Request an Annual Quote

Genomic Answers for Kids Team Releases Thousands of Genomes to Gain Insights Into Rare Diseases


NEW YORK – Investigators with the Children's Mercy Research Institute in Kansas City's Genomic Answers for Kids (GA4K) project have released genome sequence data for thousands of participants in an effort to better understand pediatric rare diseases. But this first batch of data only represents a fraction of what they expect to be able to share in coming years as the program continues.

"Genomic Answers for Kids is our approach to change the outcomes for rare disease families, primarily in the greater Kansas City area, where Children's Mercy's main catchment area is," explained Tomi Pastinen, director of the Children's Mercy Genomic Medicine Center and a researcher with the University of Missouri-Kansas City School of Medicine.
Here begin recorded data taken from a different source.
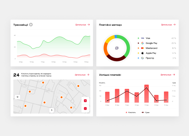 Сервіс робить акцент на адаптивній платіжній сторінці (автоматично підтягує методи оплати та мови), підтримці міжнародних платежів і валют, а також сучасних методах оплати, на кшталт Apple Pay/Google Pay чи банківських карток. Важлива деталь — мерчант-портал із наскрізною аналітикою в реальному часі, де видно статуси оплат, звіти, нараховану комісію та графік відшкодувань на банківську картку або рахунок.
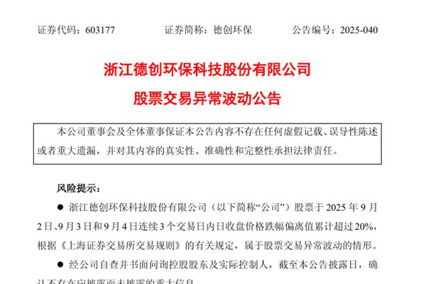 2025年9月2日、9月3日和9月4日连续3个交易日内,浙江德创环保科技股份有限公司(简称:德创环保)日收盘价格跌幅偏离值累计超过20%。对此,德创环保再次披露《股票交易异常波动公告》,明确经公司自查并书面问询控股股东及实际控制人,截至本公告披露日,确认不存在应披露而未披露的重大信息。而且,公司目前经营情况正常,基本面未发生重大变化,...
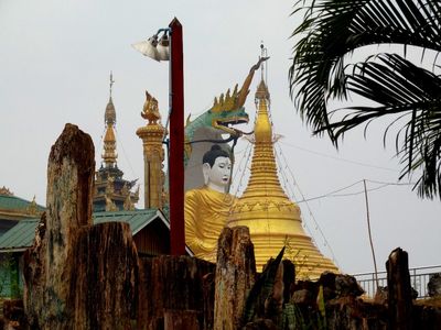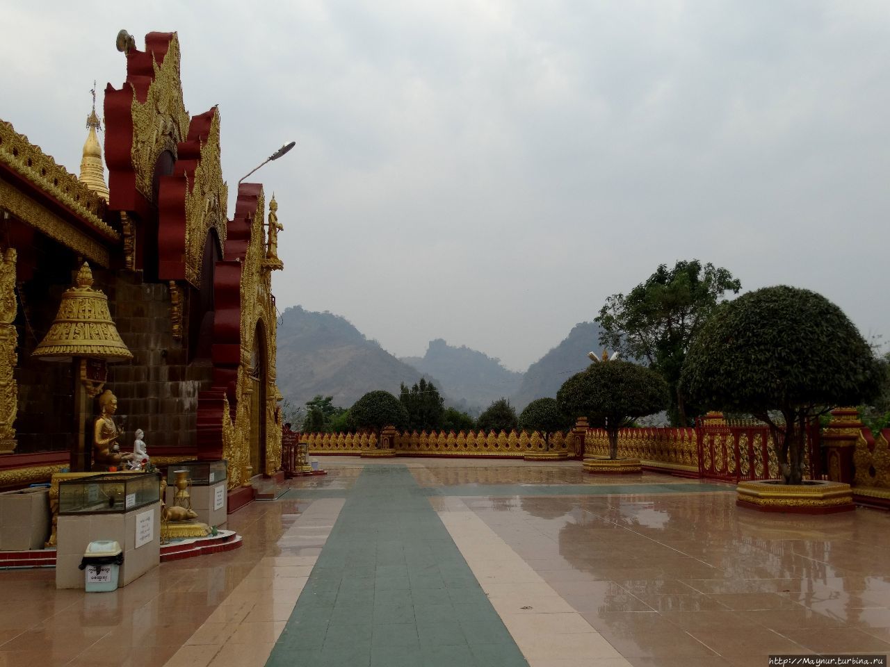 а за ней на возвышенности сияла верхушка огромной пагоды. Нам туда!Получилось так, что к пагоде мы подошли с задней стороны, где стоял забор. Делать нечего, забор одолели и сразу попали на чистую, ухоженную территорию, что приятно обрадовало.
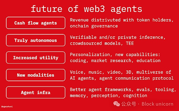 目前,我們正處于類(lèi)似于2016年Ethereum早期實(shí)驗(yàn)的階段。但到明年中期或后期,我們可能會(huì)看到代理處理復(fù)雜任務(wù)、自動(dòng)化流程并創(chuàng)造可觀(guān)的現(xiàn)金流。用機(jī)器人取代人類(lèi)工作是不可避免的——不過(guò)至少你可以擁有它們的Tokens。
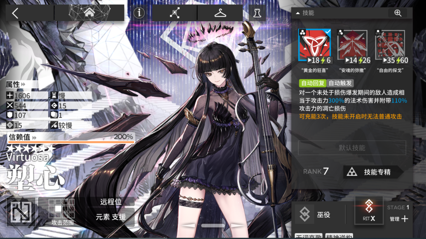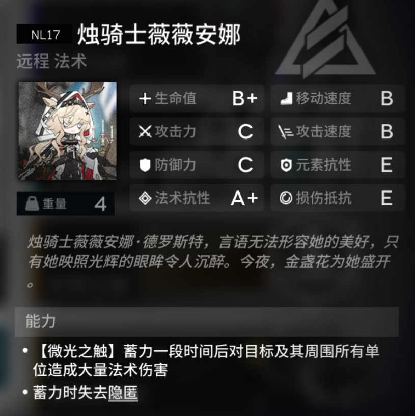 然后吧,作为干员,她就比剧情里当怪物的时候弱了无数倍。
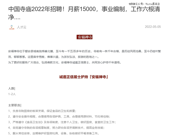 15000元一个月。一些寺庙在招聘里写明,厨师需要有三年以上经验,以及做大锅饭、做素食的经验。有些规模较大的寺庙还会提供事业编制。
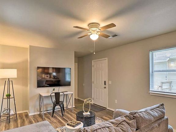 1 Mi to Main Street | Updated Interior | 0.6 to MSU West Plains Bedroom 1: Queen Bed | Bedroom 2: Twin/Full Bunk Bed w/ Twin Trundle, Futon MAIN FEATURES: Smart TVs w/ cable, modern interior design KITCHEN: Cooking basics, dishwasher, Keurig coffee maker, blender, microwave, ice maker, refrigerator, spices, toaster oven, water filter, stove/oven, dishware & flatware, breakfast bar w/ seating GENERAL: Free WiFi, keyless entry, complimentary toiletries, linens & towels, in-unit washer & dryer, central air conditioning, hair dryer, iron/board, laundry detergent, trash bags & paper towels FAQ: Pet fee (paid pre-trip), 4 steps required for entry, single-story home PARKING: Driveway (2 vehicles), street parking ADDT'L ACCOMMODATIONS: There are 5 additional properties available on the same street, each with separate nightly rates. If you would like to reserve multiple rentals, please inquire for more information prior to booking
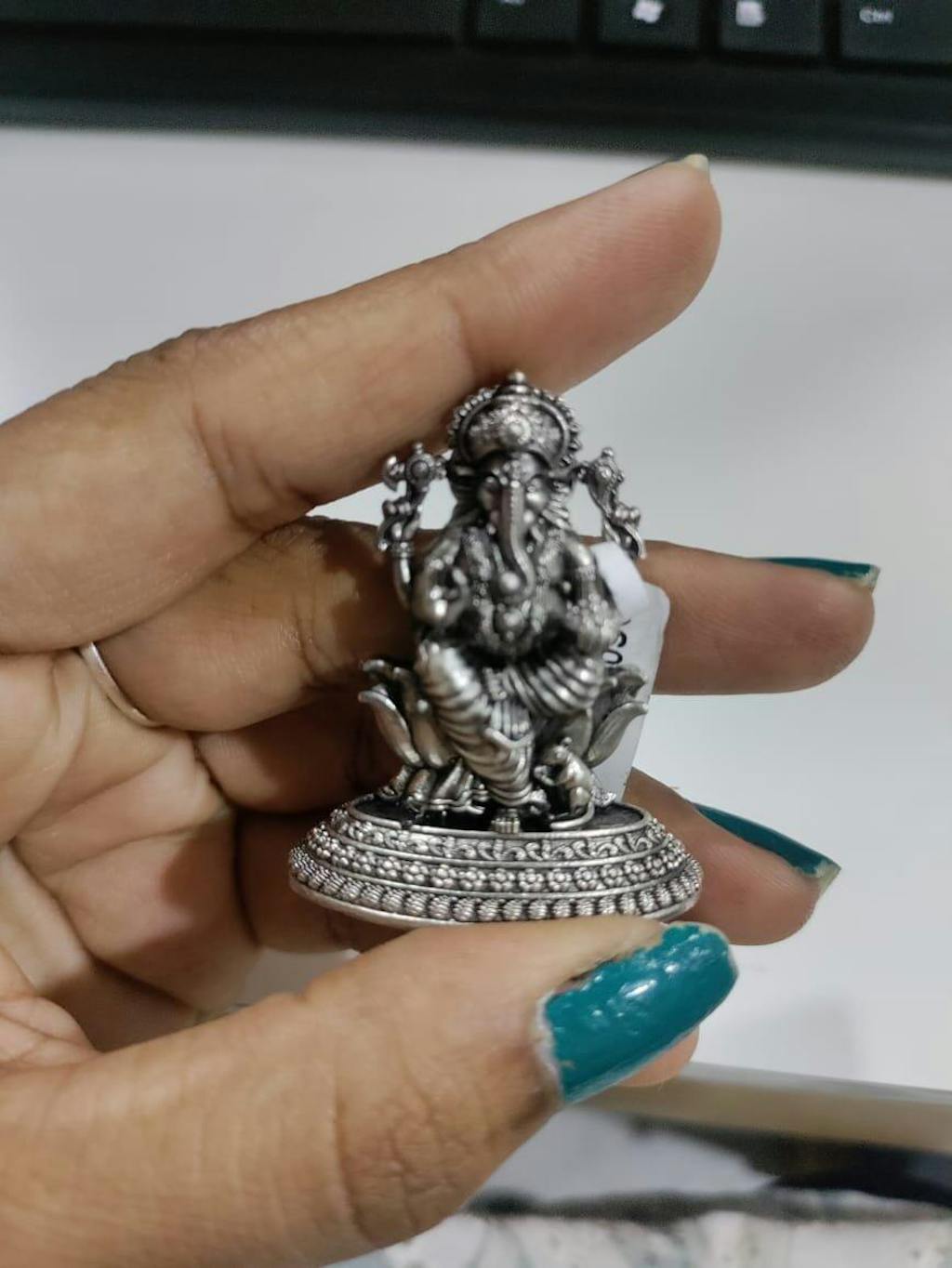 • Design: Lord Ganesha seated on a lotus with intricate carvings and a detailed crown
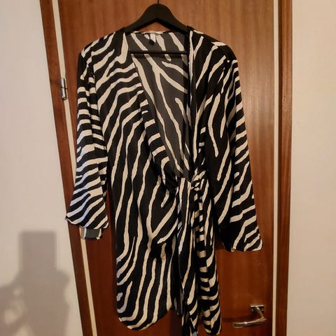 Vaaleanpunainen neulosmekko vuorilla, neuloksessa mukana hopealankaa. Kokomerkintä 8. Joitakin pieniä langanvetoja, jotka kuitenkin saa vedettyä piiloon neuloksen nurjalle puolelle.
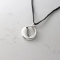 New Embrace necklace soft, organic shapes. The black leather strap creates a nice contrast and makes the necklace useful and flexible. Tie at desired length.
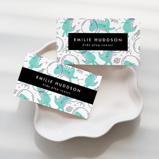 Cartões de visitas bonitas, divertidas e adoráveis com dinossauros espaciais. Design moderno e moderno, perfeito para crianças que brincam com centros de brincadeira, parques de brincadeiras, centros de atividades, assistência à criança, assistência ao dia, babás e babás.

While the program accepts patients from other institutions, as well, more than 90 percent of patients come from the area, he added.

"By building a large database from tens of thousands of individuals in our area, we will disseminate the data and enable rare disease discovery throughout the country and beyond, globally," he noted.

The GA4K project is being done through the Children's Mercy Research Institute, which opened this year, following a large fundraising effort. The team has been doing related sequencing work for two years and has already enrolled thousands of pediatric patients and their family members. The sequencing analyses include one or both parents, when possible, although a subset of the rare disease patients are tested as singletons or analyzed with the help of sequences from unaffected siblings.

In addition to increasing research into pediatric rare diseases, the program is intended to boost the coverage of genomic medicine services and increase access to genomic testing when appropriate, Pastinen noted, particularly for families that are not being reached by existing genetics or genomics programs.

"We see disparities across our catchment region and, as usual with health disparities, these touch mostly minorities and inner-city populations, as well as some rural populations," he said.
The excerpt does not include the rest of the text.